For other hyper-parameters like
--epochs, etc., you can modify them to adjust the detailed model design or control the training process. If you'd like to automatically search and optimize these hyper-parameters, use the AutoML tool NNI with the
For detailed explanations and additional parameters, consult the code comments or the Advanced page.
Upon successful execution, you should observe an output similar to this:
Processing... Done! 2023-09-10 15:54:28,486 - Loaded dataset: ABIDE ... 2023-09-10 15:56:29,493 - (Train Epoch 9), test_micro=66.34, test_macro=65.10, test_auc=72.91 ... 2023-09-10 17:37:46,561 - (Train Epoch 99), test_micro=64.68, test_macro=64.59, test_auc=70.03 2023-09-10 17:37:47,489 - (Initial Performance Last Epoch) | test_micro=64.68, test_macro=64.59, test_auc=70.03 2023-09-10 17:37:47,489 - (K Fold Final Result)| avg_acc=65.31 +- 1.58, avg_auc=71.29 +- 2.89, avg_macro=64.43 +- 1.87
Part II: Integrating BrainGB into Your Workflow
1. Install BrainGB as a package
To integrate BrainGB into your research projects and leverage its capabilities, install the package via your package manager:
pip install BrainGB
Notice that if you install the package through pip, the dependencies are automatically installed.
2. Incorporating BrainGB Models
BrainGB provides modular components, making it easier to integrate with various projects. Import the necessary modules and initialize the models according to your research needs.
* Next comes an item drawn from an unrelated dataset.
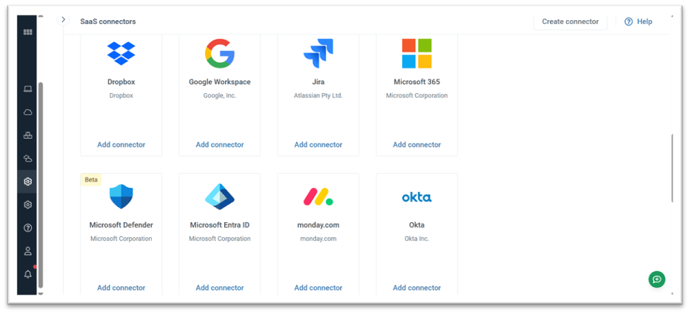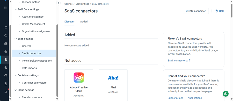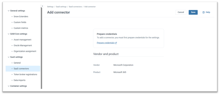 • Gestione in Settings → SaaS → SaaS connectors (ruolo: Snow Atlas Administrator).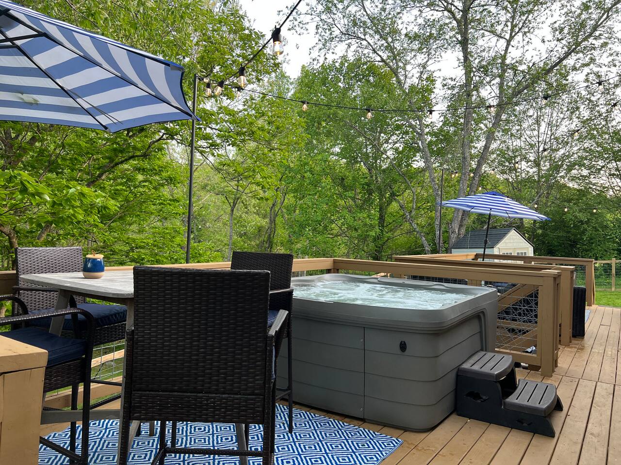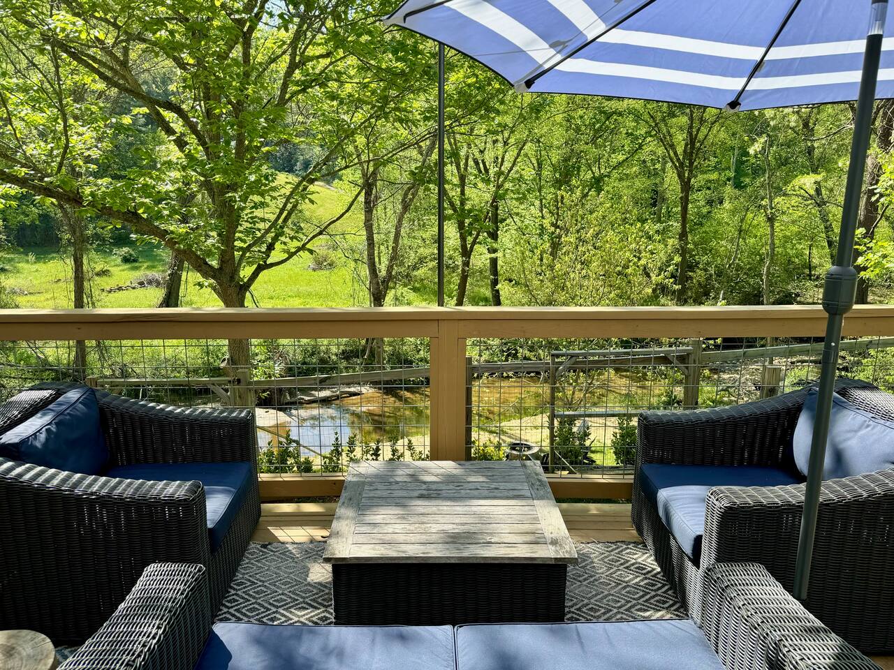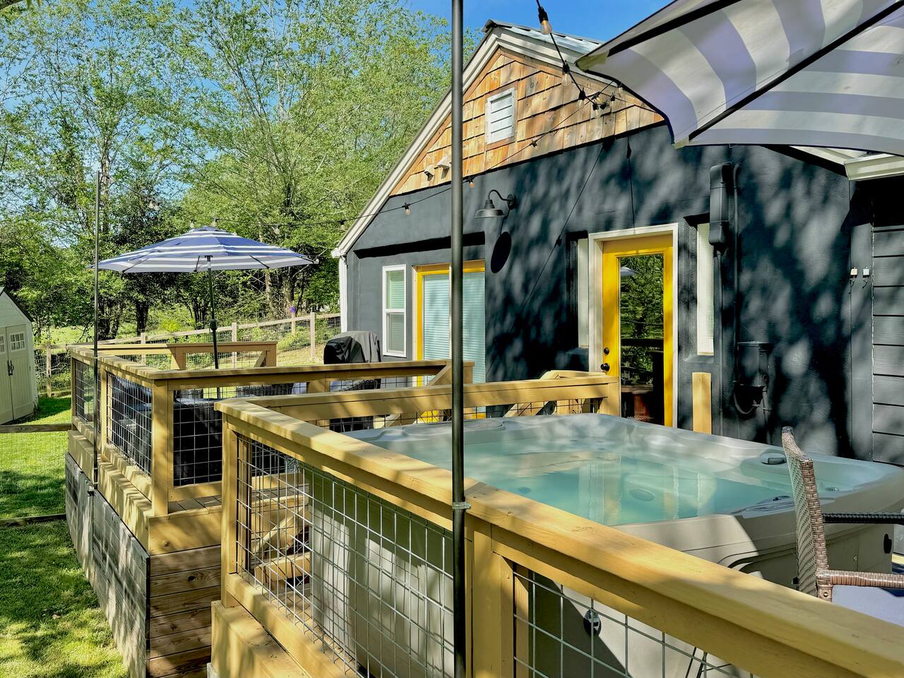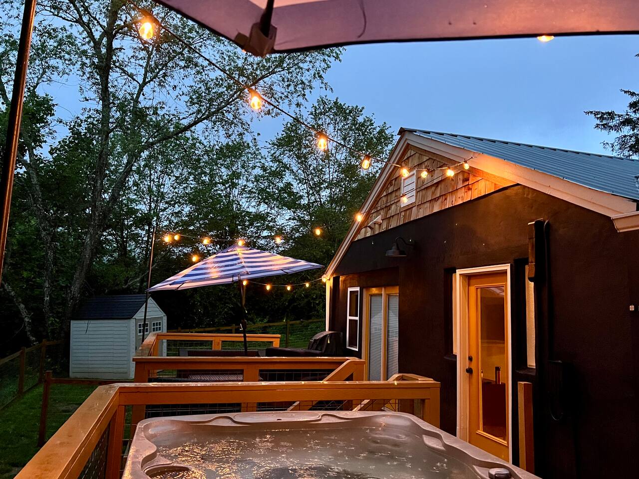 Our cottage is a true escape from city life. This charming, quaint creekside retreat has been lovingly renovated, comfortably furnished and tastefully decorated. The outdoor space is the true highlight, where you'll relax on the deck, or soak in the hot tub while enjoying views of Gap Creek and the rural countryside. This is an ideal space for a romantic getaway, remote working, a family vacation or a beer tasting weekend with friends! You will have full and private access to the entire property during your stay. Both bedrooms are equipped with plush beds and blackout blinds to ensure a comfortable night’s sleep. The living room can serve as a third sleeping area, as the sofabed has a full-sized and very comfortable memory foam mattress. There is also a pack-n-play available in case you are bringing an infant. The kitchen is well-equipped with everything you need to cook up delicious meals, including the basics like cooking oil, salt & pepper. The adjacent dining table seats 4 and can be extended to seat 6. Just steps away on the back deck, you’ll find a gas grill and cafe and lounge seating for 4. The back deck is where we almost always dine, relax and entertain. Spend the evening cooking up dinner, soaking in the hot tub, or relaxing and playing board games under the stars! On our lower back yard level we have yard games like Cornhole (or bags), Disk Golf, a brand new fire pit with lounge seating for 4. Planning on remote working and/or learning during your stay? We have a workspace in the primary bedroom and there is high-speed wifi internet access throughout the property. For entertainment, there are board games, puzzles, a record player and more. There is a 50-in smart TV in the living room, as well as a 42-in smart TV in the primary bedroom, both equipped to stream all your favorites. The house is located on a two-lane country road that can at times be fairly busy during high-traffic times of day. The property itself is very private, with over a half acre of land surrounded by trees. We have a newly installed Tesla charger that uses a NACS plug. Please plan to bring appropriate adapter for your specific vehicle. For example, CCS1 plugs for Tesla charger. If you leave the property to explore the local area, you'll find fabulous restaurants and abundant activities all around. We'll be happy to recommend our favorites! Our cottage is located: - < 1 mile from local restaurants & breweries in Fairview - 5 miles from the Blue Ridge Parkway Access - 9 miles from Bearwallow Mountain - 10 miles from downtown Asheville - 12 miles from the Biltmore Estate - 13 miles from the River Arts District - 15 miles from Chimney Rock State Park - 32 miles from Looking Glass Falls in Pisgah Nat’l Forest - 40 miles from the summit of Mount Mitchell We adore our cottage and hope you will love and respect it as much as we do. We’re excited to have you stay with us soon!

from BrainGB.models import GAT, GCN, BrainNN
The BrainNN is required and will be served as the parent module of the GAT, GCN models. You may choose either GAT or GCN as the submodule.
For a GCN-based setup:
sample: Data = Data() # A torch geometric data num_features = data.x.shape num_nodes = data.x.shape gcn_model = GCN(num_features, num_nodes) model = BrainNN(args.pooling, gcn_model, MLP(2 * num_nodes))
For a GAT-based setup, simply replace the GCN model initializations with GAT. Further model customization options are available on the Advanced page.
We welcome contributions to the package. Please feel free to open an issue or pull request.